Accenture Plc plans to spend $1.8 billion on acquisitions this year—more than what its three biggest Indian information technology (IT) rivals combined spent in the past three years—as it seeks to accelerate growth.
Aided by the planned acquisitions of companies such as analytics and cloud computing firms, Accenture, which does as much business as Tata Consultancy Services Ltd (TCS), Infosys Ltd and Wipro Ltd put together, is poised to outpace them in growth this year for the first time since it went public in 2011. The acquisitions plan was spelt out in a post-earnings call with analysts.
Indian IT firms, which follow an April-March fiscal, will have to better their performance from last year or risk growing slower than Accenture.
TCS, Infosys and Wipro reported a dollar revenue growth of 6.2%, 7.4% and 4.9%, respectively, last year. Although TCS and Wipro do not provide an annual growth forecast, Infosys expects its revenue to grow 6.1-8.1% this year—a guidance that analysts say could be cut in coming months.
This aggressive acquisition model of Accenture, which spent more than $900 million in each of the past two years on buying companies, is driven by Fortune 1000 clients demanding from their IT vendors solutions that help them run their businesses better. Newer technologies, such as data analytics and cloud computing, along with a strong consulting practice, are the growth drivers for technology outsourcing vendors as customers across industries are spending less on traditional outsourcing work like application maintenance.
“Accenture has done a tremendous job with financial engineering and M&As (mergers and acquisitions),” said Ray Wang, founder of Constellation Research, a technology research and advisory firm. “They have bought their way into offensive growth, entered new markets such as AI (artificial intelligence), marketing operations, and digital transformation with design firms faster than others.”
Since 1 April 2014, TCS, Infosys and Wipro have together spent $1.58 billion on acquisitions, with $80 million more spent together by Infosys and Wipro through their corporate venture arms in making minority investments in close to two dozen start-ups.
Accenture is expected to end FY17 on 31 August with at best 5.8% dollar revenue growth. For the year to August 2016, the management said its 15 acquisitions accounted for 2 percentage points of overall 10.5% constant currency growth (6% dollar revenue growth). Constant currency eliminates effect of currency movements.

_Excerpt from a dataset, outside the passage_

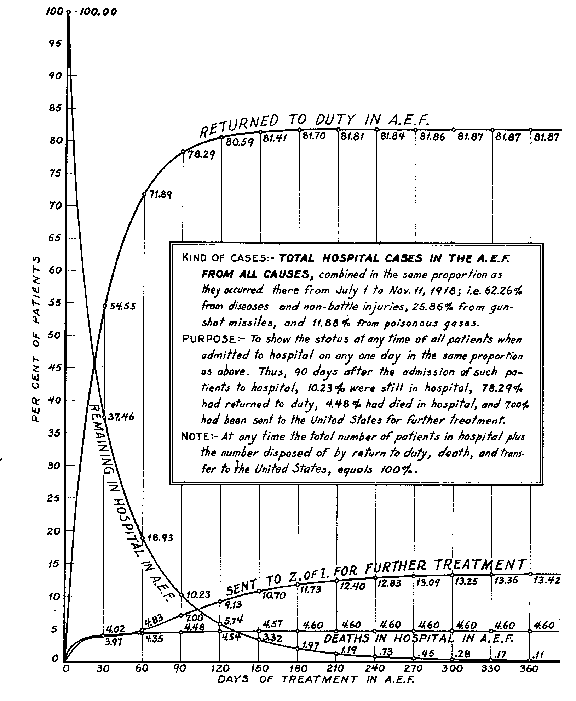 Duration of treatment (leaving hospital) in the American Expeditionary Forces only of disease and nonbattle injury cases which occurred there in 1918. |

“If M&A contributes two points of growth to FY17 revenue, then inorganic revenues may contribute higher growth in FY18,” Bachman wrote in a note dated 22 June, after Accenture reported its third-quarter March-May earnings. “We continue to believe Accenture is well positioned in an evolving digital market.”
Importantly, none of Accenture’s three dozen acquisitions over the past three years are large: More than three-fourths of the firms acquired have less than 200 staff, estimates JPMorgan Chase and Co. analyst Viju George.

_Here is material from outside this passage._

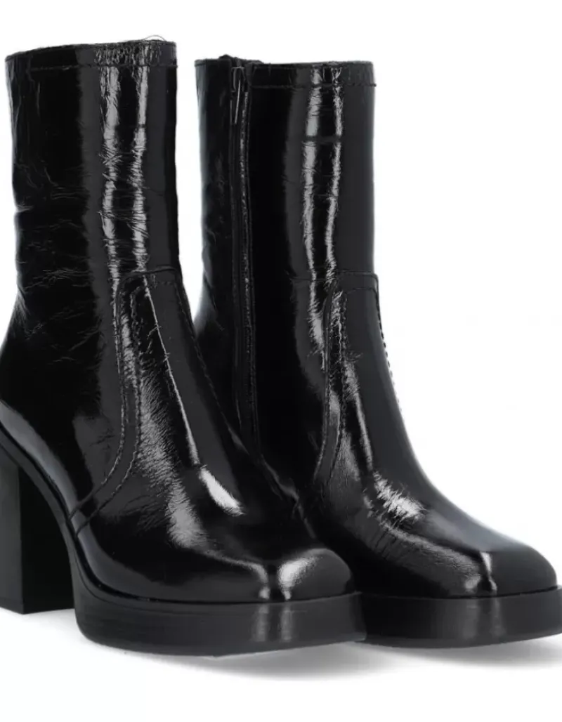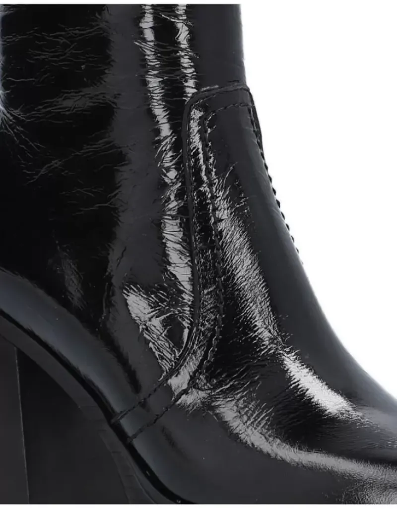 Bota Para Femme Alpe Retro, Fabricada En Piel (Vernice) De Color Negro Con Tacon De 9,5 Cm, Suela Antideslizante Y Puntera Cuadrada, Con Cierre Mediante Cremallera Y Cana Media.

However, Indian IT firms continue to look away from acquisitions. TCS last invested $50 million in stitching together a joint venture partnership with Mitsubishi Corp. in Japan in 2014 while Infosys has not made an acquisition in over 20 months. Wipro, which spent $1.14 billion in buying five firms over the past 36 months, has spent $8.7 million to buy one firm in the past eight months.

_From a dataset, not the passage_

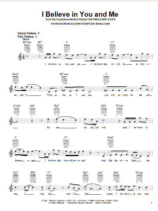 Download or print The Four Tops I Believe In You And Me sheet music, chords and digital score arranged for Lead Sheet / Fake Book. This Love score includes 2 page(s).

All Indian firms claim they constantly evaluate M&A opportunities but some experts say they need to change the way they have approached acquisitions if they want to keep pace with firms such as Accenture. “I think the reason Indian IT companies have been reluctant comes more from the pressures at the board level and with external shareholders,” said Ray Wang, founder of Constellation Research, a technology research and advisory firm. “The DNA of an M&A organization is different from organic growth. This will require some management changes like having a more decentralized management and also more executives who have high growth M&A experience.”